Saved entries
══════════════════════════════
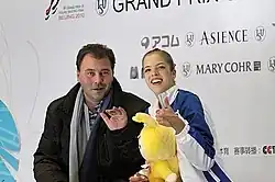 As a top-six finisher at the 2011 Worlds, Kostner was allowed to compete in three Grand Prix events in 2011. She elected to do so and was assigned to Skate America, the Cup of China, and the Trophée Eric Bompard. She was the silver medalist at Skate America and won the Cup of China, thus becoming the first skater to qualify for the Grand Prix Final.[22] Kostner then won the silver medal at the Trophée Eric Bompard. In an interview after the event, she stated that her knee was fully recovered and her goal was to include more difficult jumps in the 2012 ISU championships.[2] Kostner posted season's-best scores in the short program (66.43) and the free program (121.05) to win her first-ever gold medal at the Grand Prix Final; her overall score of 187.48 was a new personal best.[28] She is the first Italian single skater to become a Grand Prix Final champion and the second overall after Barbara Fusar-Poli / Maurizio Margaglio, who won the ice dancing title in 2000.
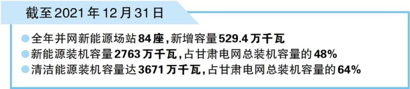 中國儲(chǔ)能網(wǎng)訊:截至2021年12月31日,甘肅電網(wǎng)全年并網(wǎng)新能源場站84座,新增容量529.4萬千瓦,同比增長24%,刷新了國網(wǎng)甘肅省電力公司年度新能源投產(chǎn)歷史紀(jì)錄,其中新增風(fēng)電368.7萬千瓦(45座風(fēng)力發(fā)電廠)、光伏160.7萬千瓦(39座光伏電站)。甘肅電網(wǎng)新能源裝機(jī)容量達(dá)2763萬千瓦,占全網(wǎng)總裝機(jī)容量的48%,清潔能源裝機(jī)容量達(dá)3671萬千瓦,占全網(wǎng)總裝機(jī)容量的64%。
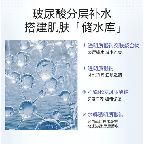 含有玻尿酸成分,对肌肤进行深层次的补水,改善皮肤干燥的问题。用后会建立酵母多糖水屏壁,增加肌肤的吸收能力,营养更好进入。
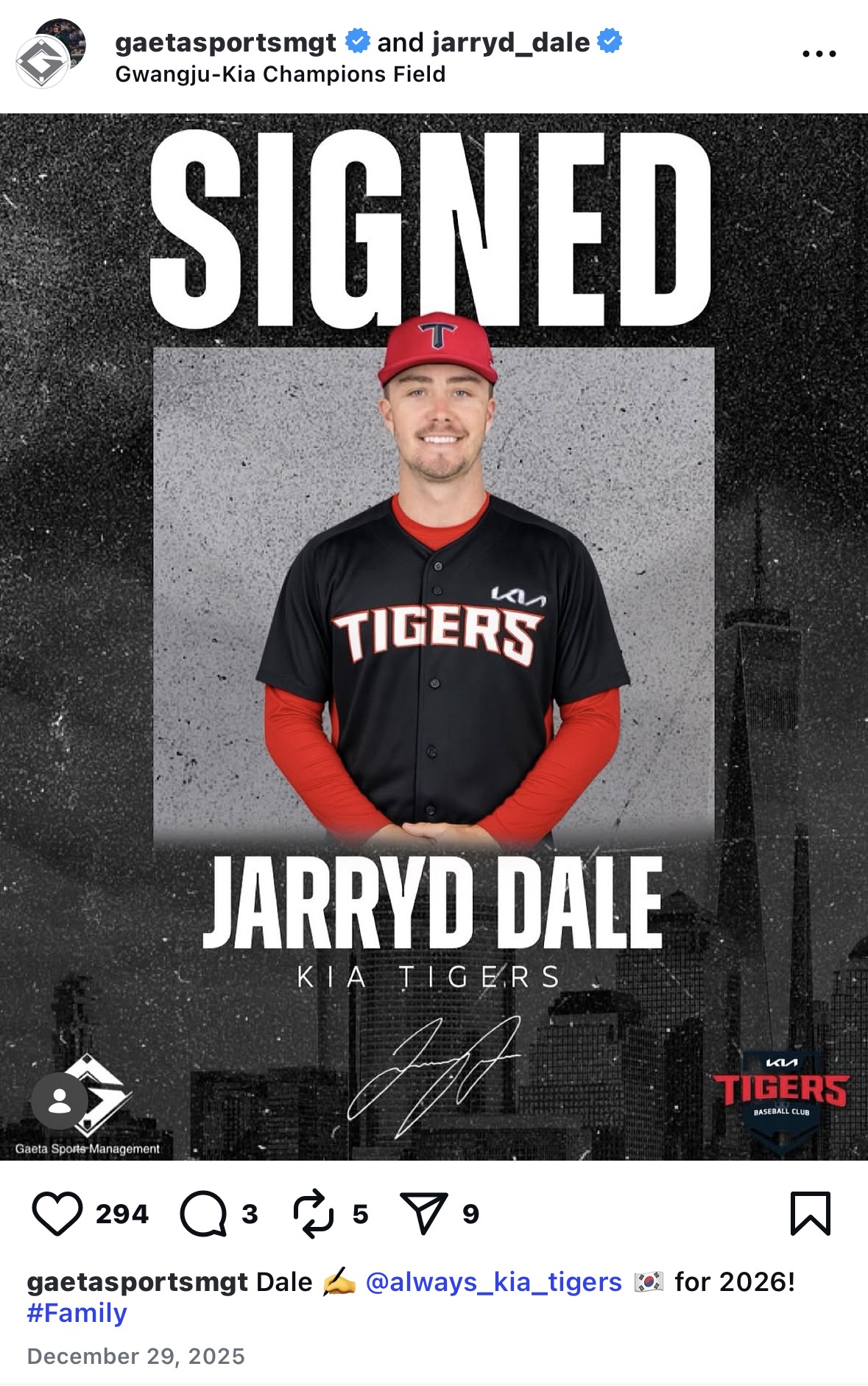 오늘은 KIA 타이거즈의 아시아쿼터 선수, 제리드 제임스 데일에 대해 알아보겠습니다.
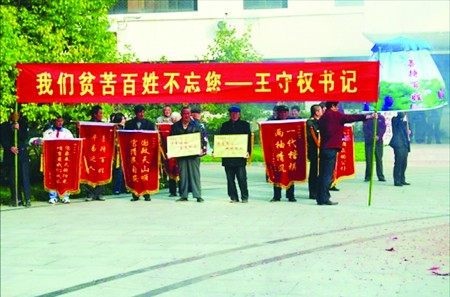 帖子出現(xiàn)在網(wǎng)友“西楚刀客”的博客上。整篇文字介紹了發(fā)生在兩個星期前江蘇省泗洪縣政府樓前的“感人的一幕”:11月13日一大早,數(shù)百名群眾自發(fā)地排著整齊的隊伍,抱著銅匾,撐著“萬民傘”,打著“清官旗”,集中在泗洪縣政府門前,長長的一串鞭炮發(fā)出震耳欲聾的響聲。在這支隊伍里,有老人,有殘疾人,有打工仔,有下崗工人……每個人都在期盼著能再見見他們的恩人——王守權(quán)……得知王書記調(diào)走的消息,當(dāng)?shù)厝罕娪靡环N最古老的感恩方式——萬民傘和清官旗,來為他送行。
══════════════════════════════
### Aim of the exercise:
What the answer needs is every line from the one containing "오늘은 KIA 타이거즈의" through the final line of the data above, copied exactly, without pictures.

### Finished exercise:
 오늘은 KIA 타이거즈의 아시아쿼터 선수, 제리드 제임스 데일에 대해 알아보겠습니다.
 帖子出現(xiàn)在網(wǎng)友“西楚刀客”的博客上。整篇文字介紹了發(fā)生在兩個星期前江蘇省泗洪縣政府樓前的“感人的一幕”:11月13日一大早,數(shù)百名群眾自發(fā)地排著整齊的隊伍,抱著銅匾,撐著“萬民傘”,打著“清官旗”,集中在泗洪縣政府門前,長長的一串鞭炮發(fā)出震耳欲聾的響聲。在這支隊伍里,有老人,有殘疾人,有打工仔,有下崗工人……每個人都在期盼著能再見見他們的恩人——王守權(quán)……得知王書記調(diào)走的消息,當(dāng)?shù)厝罕娪靡环N最古老的感恩方式——萬民傘和清官旗,來為他送行。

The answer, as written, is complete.